- Records for this task -

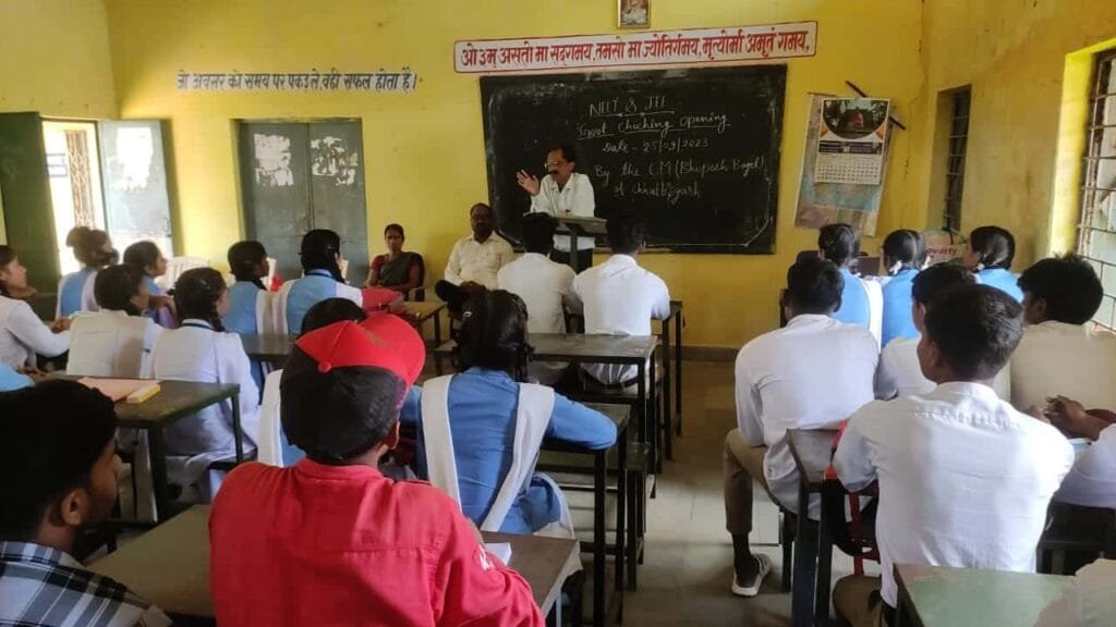 AmbikapurNews : अम्बिकापुर 25 सितंबर 2023/ मुख्यमंत्री श्री भूपेश बघेल के घोषणानुसार इंजीनियरिंग एवं मेडिकल में प्रवेश हेतु प्रतियोगी परीक्षाओं की तैयारी में युवा छात्र छात्राओं की मदद के लिए ऑनलाइन स्वामी आत्मानंद कोचिंग योजना का शुभारंभ विकासखण्ड अम्बिकापुर सहित सभी सातों विकासखण्डों में 25 सितंबर से किया गया। कलेक्टर श्री कुन्दन कुमार के मार्गदर्शन में शासकीय उच्चतर माध्यमिक विद्यालय, केदारपुर में जिला शिक्षा अधिकारी डॉ. संजय गुहे की उपस्थिति एवं प्राचार्य श्रीमती रूमि घोष की अध्यक्षता में योजना की शुरुआत की गई।
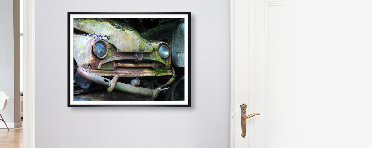 Mahlzeit auf der Stoßstange im weißen Holzrahmen. Setzen Sie Ihr neues Lieblingsmotiv dezent in Szene - wahlweise mit und ohne Passepartout.
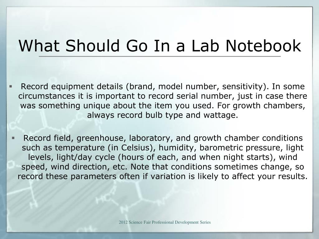 What Should Go In a Lab Notebook • Record equipment details (brand, model number, sensitivity). In some circumstances it is important to record serial number, just in case there was something unique about the item you used. For growth chambers, always record bulb type and wattage. • Record field, greenhouse, laboratory, and growth chamber conditions such as temperature (in Celsius), humidity, barometric pressure, light levels, light/day cycle (hours of each, and when night starts), wind speed, wind direction, etc. Note that conditions sometimes change, so record these parameters often if variation is likely to affect your results. 2012 Science Fair Professional Development Series
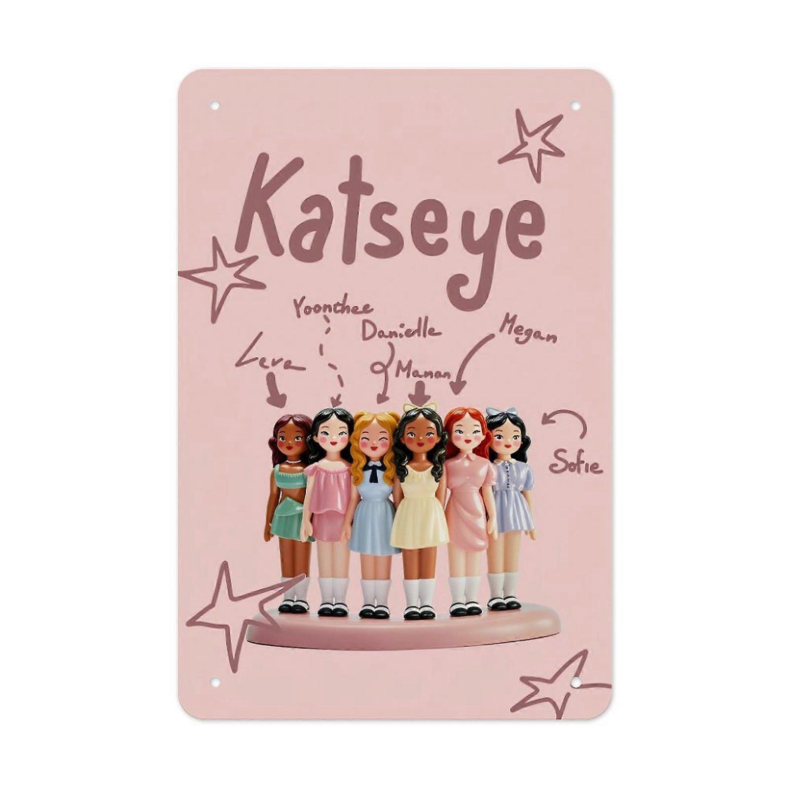 Cute Girl Doll Illustration Metal Tin Sign Pink Retro Wall Decor Kids Room Gift
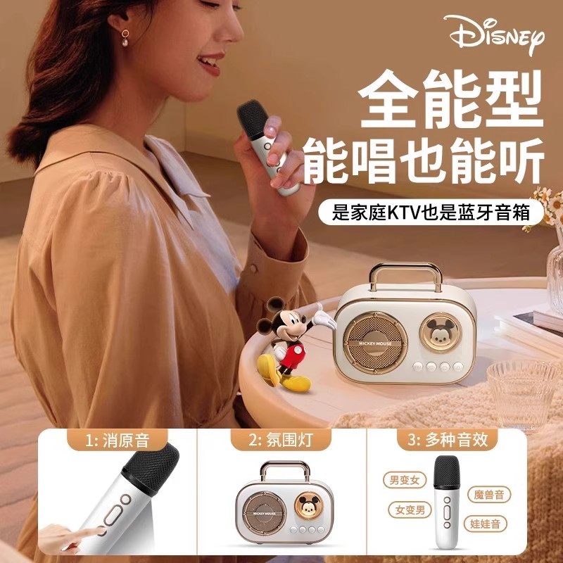 迪士尼精工话筒音响一体麦克风儿童唱k歌家庭ktv无线蓝牙小音箱
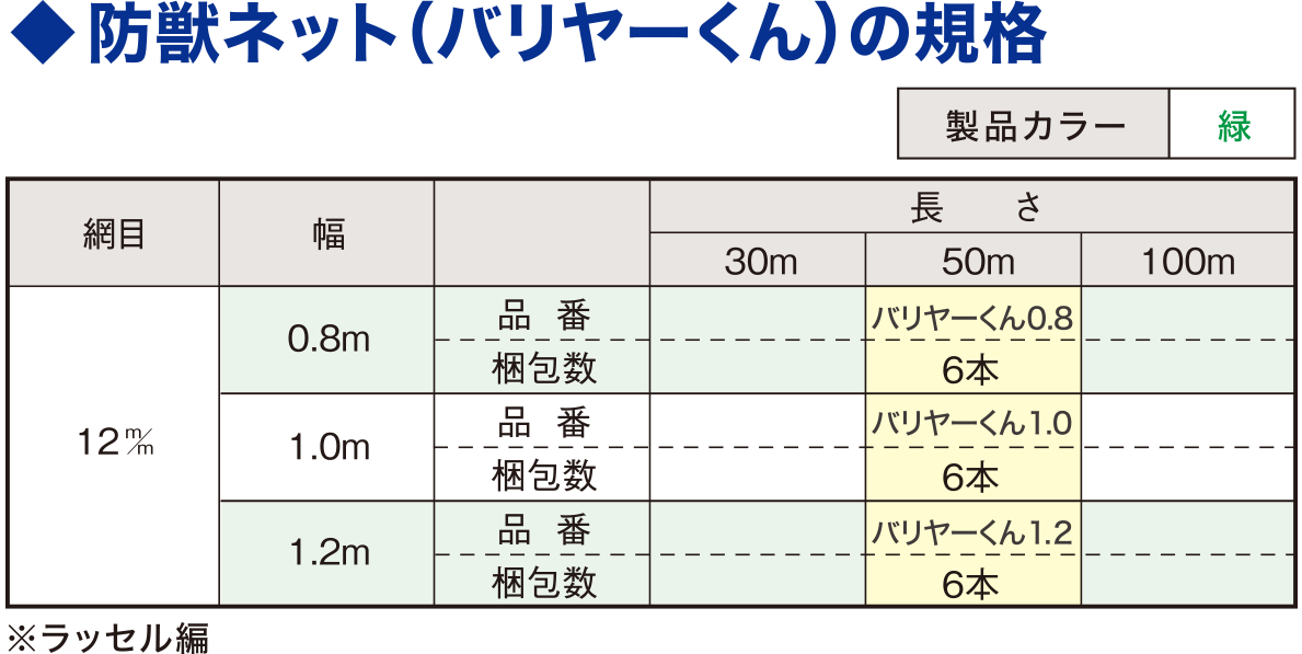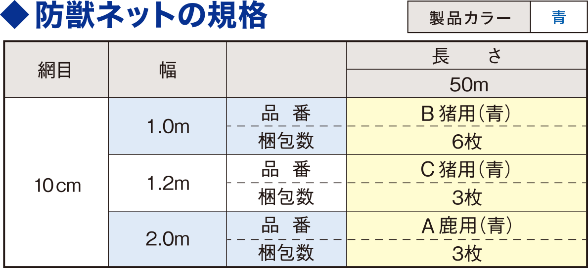 最もスタンダードな獣害対策ネットで、全国を通し被害額の大きいシカやイノシシなど大型の野生動物に対応しています。

- Work task -
Your output should be the records above, duplicated exactly and picture-free.

- Exercise solution -
 AmbikapurNews : अम्बिकापुर 25 सितंबर 2023/ मुख्यमंत्री श्री भूपेश बघेल के घोषणानुसार इंजीनियरिंग एवं मेडिकल में प्रवेश हेतु प्रतियोगी परीक्षाओं की तैयारी में युवा छात्र छात्राओं की मदद के लिए ऑनलाइन स्वामी आत्मानंद कोचिंग योजना का शुभारंभ विकासखण्ड अम्बिकापुर सहित सभी सातों विकासखण्डों में 25 सितंबर से किया गया। कलेक्टर श्री कुन्दन कुमार के मार्गदर्शन में शासकीय उच्चतर माध्यमिक विद्यालय, केदारपुर में जिला शिक्षा अधिकारी डॉ. संजय गुहे की उपस्थिति एवं प्राचार्य श्रीमती रूमि घोष की अध्यक्षता में योजना की शुरुआत की गई।
 Mahlzeit auf der Stoßstange im weißen Holzrahmen. Setzen Sie Ihr neues Lieblingsmotiv dezent in Szene - wahlweise mit und ohne Passepartout.
 What Should Go In a Lab Notebook • Record equipment details (brand, model number, sensitivity). In some circumstances it is important to record serial number, just in case there was something unique about the item you used. For growth chambers, always record bulb type and wattage. • Record field, greenhouse, laboratory, and growth chamber conditions such as temperature (in Celsius), humidity, barometric pressure, light levels, light/day cycle (hours of each, and when night starts), wind speed, wind direction, etc. Note that conditions sometimes change, so record these parameters often if variation is likely to affect your results. 2012 Science Fair Professional Development Series
 Cute Girl Doll Illustration Metal Tin Sign Pink Retro Wall Decor Kids Room Gift
 迪士尼精工话筒音响一体麦克风儿童唱k歌家庭ktv无线蓝牙小音箱
 最もスタンダードな獣害対策ネットで、全国を通し被害額の大きいシカやイノシシなど大型の野生動物に対応しています。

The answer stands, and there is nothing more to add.